如何有效地使Web请求的1000尽可能快地 [英] How to efficiently make 1000s of web requests as quickly as possible

查看:120
本文介绍了如何有效地使Web请求的1000尽可能快地的处理方法,对大家解决问题具有一定的参考价值,需要的朋友们下面随着小编来一起学习吧!

问题描述

我需要从一个C#控制台应用程序轻量级(即小的Content-Length)Web请求100,000s。什么是我能做到的最快方法(即已经完成在最短的时间内所有的请求),什么最佳做法,我应该遵循?我不能射后不理,因为我需要捕捉的响应。

I need to make 100,000s of lightweight (i.e. small Content-Length) web requests from a C# console app. What is the fastest way I can do this (i.e. have completed all the requests in the shortest possible time) and what best practices should I follow? I can't fire and forget because I need to capture the responses.

presumably我想使用异步 Web请求的方法,但是我想知道什么存储所有<$ C的开销的影响$ C>任务延续和编组会。

Presumably I'd want to use the async web requests methods, however I'm wondering what the impact of the overhead of storing all the Task continuations and marshalling would be.

内存消耗不是一个整体的关注,其目的是速度。

Memory consumption is not an overall concern, the objective is speed.

presumably我也想利用所有内核的使用。

Presumably I'd also want to make use of all the cores available.

所以,我可以做这样的事情:

So I can do something like this:

Parallel.ForEach(iterations, i =>
{
    var response = await MakeRequest(i);
    // do thing with response
});

但不会让我比任何只是我的内核数量快...

but that wont make me any faster than just my number of cores...

我可以这样做:

Parallel.ForEach(iterations, i =>
{
    var response = MakeRequest(i);
    response.GetAwaiter().OnCompleted(() =>
    {
        // do thing with response
    });
});

但我怎么把我的程序运行后的的ForEach 。持有上所有的任务 WhenAll ING他们感觉臃肿,是否有任何现有的模式或佣工有某种任务队列?

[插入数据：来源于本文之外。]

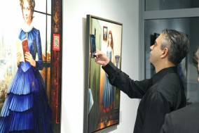 own technique: fabric, oil, schagmetal on canvas

but how do I keep my program running after the ForEach. Holding on to all the Tasks and WhenAlling them feels bloated, are there any existing patterns or helpers to have some kind of Task queue?

有没有办法得到任何好转,我怎么应该处理节流/错误检测?例如,如果远程端点反应慢,我不想继续滥发它

Is there any way to get any better, and how should I handle throttling/error detection? For instance, if the remote endpoint is slow to respond I don't want to continue spamming it

我知道我还需要做的:

ServicePointManager.DefaultConnectionLimit = int.MaxValue

还有什么必要吗?

Anything else necessary?

推荐答案

并行类不与异步循环体的工作,所以你不能使用它。您的循环体几乎立即完成并返回的任务。没有效益的并行这里。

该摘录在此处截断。